Pero ¡es que esta casa
tiene una fisonomía tan definida, tan elocuente!
Subieron hasta la
terraza y Morán llamó fuertemente a la puerta. Dos veces más tuvo que llamar.
Al fin la puerta se abrió con aspaviento de goznes rechinadores y en el umbral
apareció un criado anciano que llevaba una vela encendida en la diestra.
—Buenas noches —saludó
Bruno—. Sabe, mi esposa y yo nos hemos extraviado; se nos descompuso el carro;
y queríamos saber si podíamos pasar aquí la noche, siempre que no fuera muy
molesto para los dueños de la casa.
—Voy a decirle al patrón
—decidió el viejo sirviente y desapareció en el interior de la casa.
Los esposos Morán
quedaron otra vez en medio de la noche y de la nieve. Él observó:
—Parece que la casa
tiene un buen jardín. Por allá diviso un estanque; hay muchos árboles. En el
día se ha de ver muy bien.
María Elena temblaba.
Quizá no solamente de frío. Musitó:
—Siento como si nos
estuvieran espiando unos ojos invisibles.
Bruno rio:
—Es la casa, ¡tonta! ¿No
dices que los ojos de las casas son las ventanas y la puerta la boca y…?
Se interrumpió porque ya
el criado aparecía de nuevo.
—Pasen ustedes —dijo. Y
salió a la terraza para ayudar a los viajeros a cargar los maletines.
De las vigas de la
terraza surgió entonces una criatura asquerosa que se abatió sobre el rostro de
María Elena, revoloteó torpemente sobre la vela y desapareció. La mujer chilló
espantada. Su marido la rodeó con los brazos y procuró tranquilizarla:
—No te asustes, ha de
ser un murciélago.
María Elena recordó unos
versos de «Los duendes» de Andrés Bello:
Vade retro, ¡perverso
avechucho!
¡Ay! ¡Matóme la luz con
el ala!
Precedidos del sirviente penetraron los esposos
Morán en el vestíbulo de la residencia. Era éste amplio, aunque sombrío: las gruesas
alfombras, los cortinajes espesos y los muebles oscuros eran voraces acaparadores
de luces y sonidos. Encima de la gran chimenea se admiraba un busto de Charles
Dickens y en las paredes colgaban escopetas, armaduras y antiguos cuernos de caza.

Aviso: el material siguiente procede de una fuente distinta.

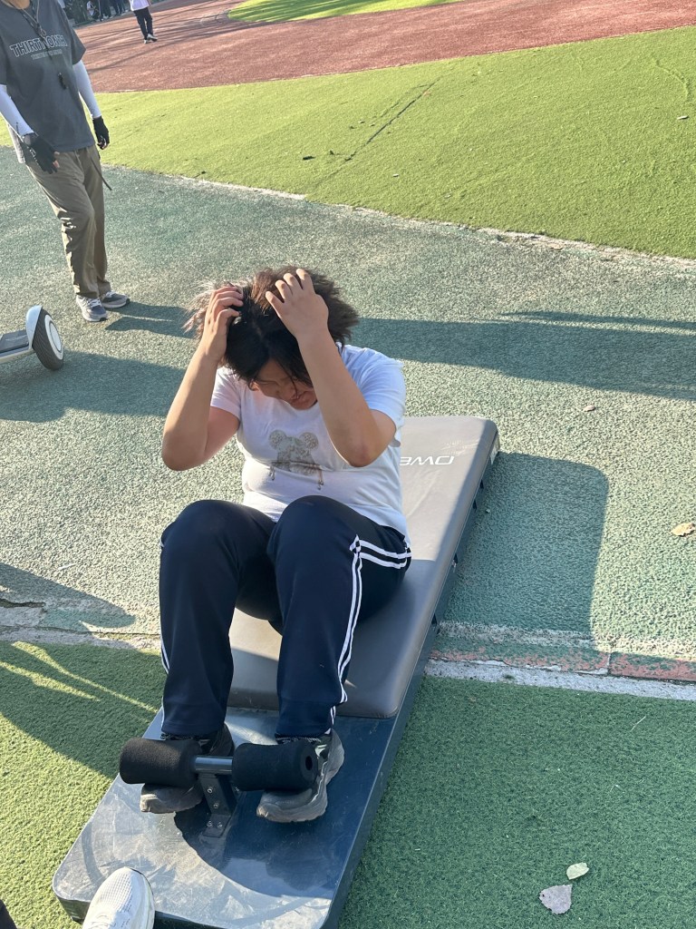 女子仰卧起坐赛场更显热闹:选手们平躺屈膝、双手抱头,随裁判口令快速起坐,脸颊的汗水、急促的呼吸,都挡不住坚持到底的决心,身边同学的计数声,是最温暖的鼓励,也为中秋添了一份热闹与温情。
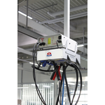 Standardmäßig bietet die neue E-BOX zwei Druckluftanschlüsse mit Sicherheitskupplungen, drei Steckdosen sowie optional zwei LAN-Steckdosen und neu nun auch die Möglichkeit, ein entsprechendes Ladegerät zu integrieren. Die Verkabelung verläuft anders als bei anderen Herstellern geschützt in einem robusten Vierkant-Aluminiumrohr in L-Form, das für Stabilität sorgt und Schwingungen vermeidet. Die Verkabelung mit 5 Metern Länge bis zur Hallendecke ist im Standardpreis bereits enthalten. Weiterhin sind alle Anschlüsse in der E-BOX werkseitig bereits verdrahtet. Optional kann zudem ein Anschluss zur Druckluftaufbereitung und eine Hebebühnensteuerung integriert werden.

Desde la mesa del centro, cubierta con una carpeta de terciopelo con flecos, una
lámpara de acetileno trataba con escaso éxito de disipar la oscuridad de la
estancia. En pie, cerca de la chimenea, esperaba un señor de unos sesenta años
de edad, alto y delgado, de expresión hierática. Dio la bienvenida a sus
inesperados huéspedes.
Morán dijo su nombre y
agregó:
—La casa de usted está
en Torreón. Me dedico al cultivo del algodón y de la uva; pero ahora soy
diputado federal por Coahuila y me doy mis vacaciones de cuando en cuando.

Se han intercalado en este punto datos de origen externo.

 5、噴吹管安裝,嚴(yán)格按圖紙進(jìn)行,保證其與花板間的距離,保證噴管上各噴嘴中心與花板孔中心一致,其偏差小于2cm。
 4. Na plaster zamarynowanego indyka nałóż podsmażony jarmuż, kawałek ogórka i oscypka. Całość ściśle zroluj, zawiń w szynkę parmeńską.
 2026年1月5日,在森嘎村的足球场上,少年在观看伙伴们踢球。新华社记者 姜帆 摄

Vamos hasta los Estados Unidos, de paseo.
El dueño de la casa
escuchó con atención y en seguida afirmó:
—Pueden ustedes
considerarse como en su casa. Mi nombre es Francisco Balvanera. —Llamó al
criado—: Teófilo, sirve a los señores unos ponches y prepara la cena. Lamento
mucho —añadió dirigiéndose a los Morán—, que la casa no tenga instalación
eléctrica. Es muy vieja, ¡y está tan aislada y tan alejada de la civilización! Además
no tengo más criado que este anciano igual a mí. Temo que van a estar ustedes
muy incómodos.
—No faltaba más, señor
Balvanera —protestó Bruno—. Estamos muy agradecidos con usted por habernos dado
asilo por esta noche. Si en alguna ocasión puedo corresponder a su amabilidad…
El anfitrión hizo un
gesto que indicaba que su actitud no merecía agradecimiento.
María Elena, en ese
ambiente confortable digno de una novela inglesa del siglo XIX, empezaba a
olvidar duendes y murciélagos. Se sentía feliz, reanimada por el ponche, y curiosa.
Interrogó a Balvanera:
—Su apellido de usted no
es inglés, ¿verdad? Sin embargo, veo aquí a Dickens, los muebles parecen ser de
estilo Victoriano…
—Mis abuelos y mi madre
eran ingleses, señora. Ellos construyeron esta casa, hace más de setenta años,
cuando vinieron a México. Mi madre casó con un español. A la muerte de mis
padres heredé esta casa y nunca me he preocupado por modernizarla.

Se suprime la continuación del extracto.